* **GOAL OF THE EXERCISE**: All of the data below should be repeated exactly. Pictures should not be included.

* **SUPPLIED DATA**:
........

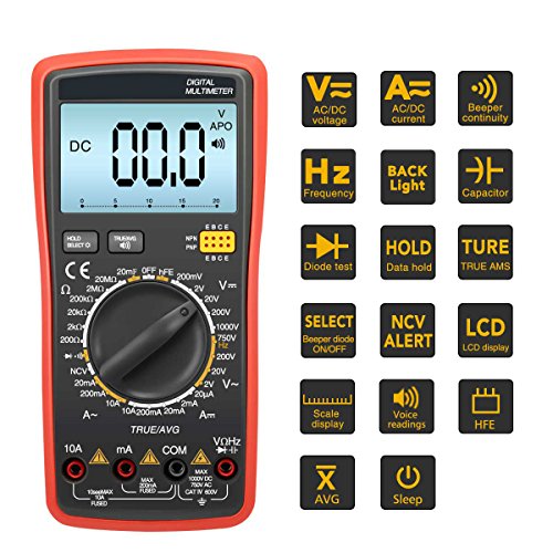 - True RMS, Auto Ranging Measurement. Auto power off and with Voice / Sound Control LCD Backlight Display (the backlight also can be controlled manually.)
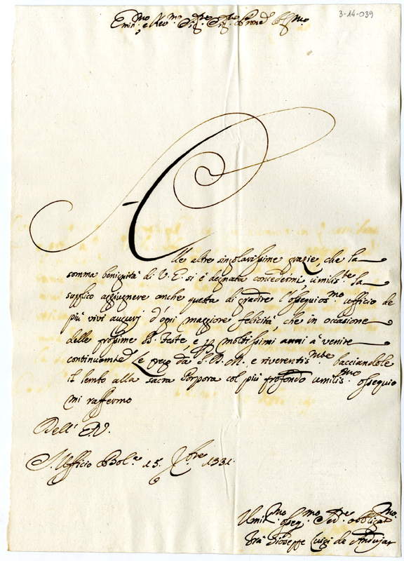 Lettera di fra Giuseppe Luigi de Andujar al cardinale Annibale Albani (1731 dicembre 15)
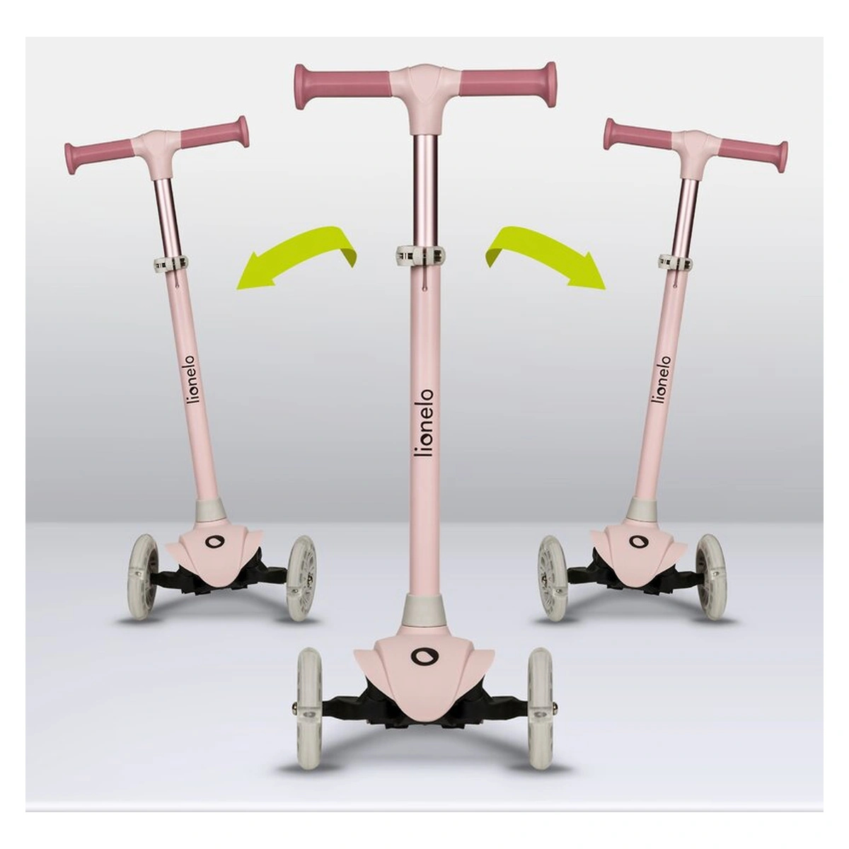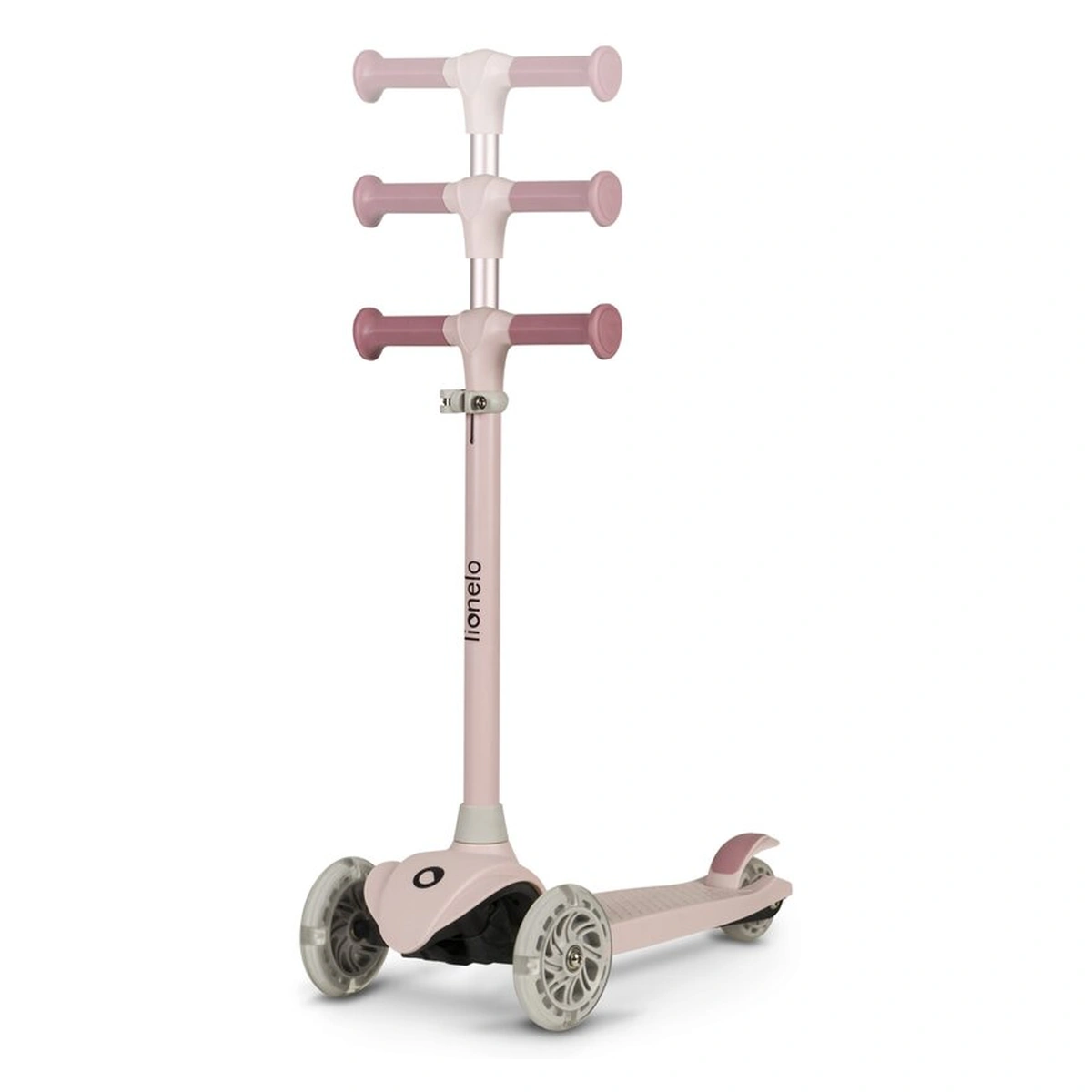 Trotineta de echilibru Lionelo Jessy Pink Rose este o oportunitate excelenta de a combina activitatea fizica cu dezvoltarea abilitatilor copilului tau. Datorita acestuia, micul tau calator de la varsta de trei ani se poate bucura de distractie in aer liber, imbunatatindu-si in acelasi timp echilibrul si coordonarea motorie. Cu trei roti solide si iluminare LED in fiecare dintre ele, fiecare calatorie capata o dimensiune noua, magica, introducand un joc fascinant de lumini in activitatea de zi cu zi.

........

* **WRITTEN SOLUTION**:
 - True RMS, Auto Ranging Measurement. Auto power off and with Voice / Sound Control LCD Backlight Display (the backlight also can be controlled manually.)
 Lettera di fra Giuseppe Luigi de Andujar al cardinale Annibale Albani (1731 dicembre 15)
 Trotineta de echilibru Lionelo Jessy Pink Rose este o oportunitate excelenta de a combina activitatea fizica cu dezvoltarea abilitatilor copilului tau. Datorita acestuia, micul tau calator de la varsta de trei ani se poate bucura de distractie in aer liber, imbunatatindu-si in acelasi timp echilibrul si coordonarea motorie. Cu trei roti solide si iluminare LED in fiecare dintre ele, fiecare calatorie capata o dimensiune noua, magica, introducand un joc fascinant de lumini in activitatea de zi cu zi.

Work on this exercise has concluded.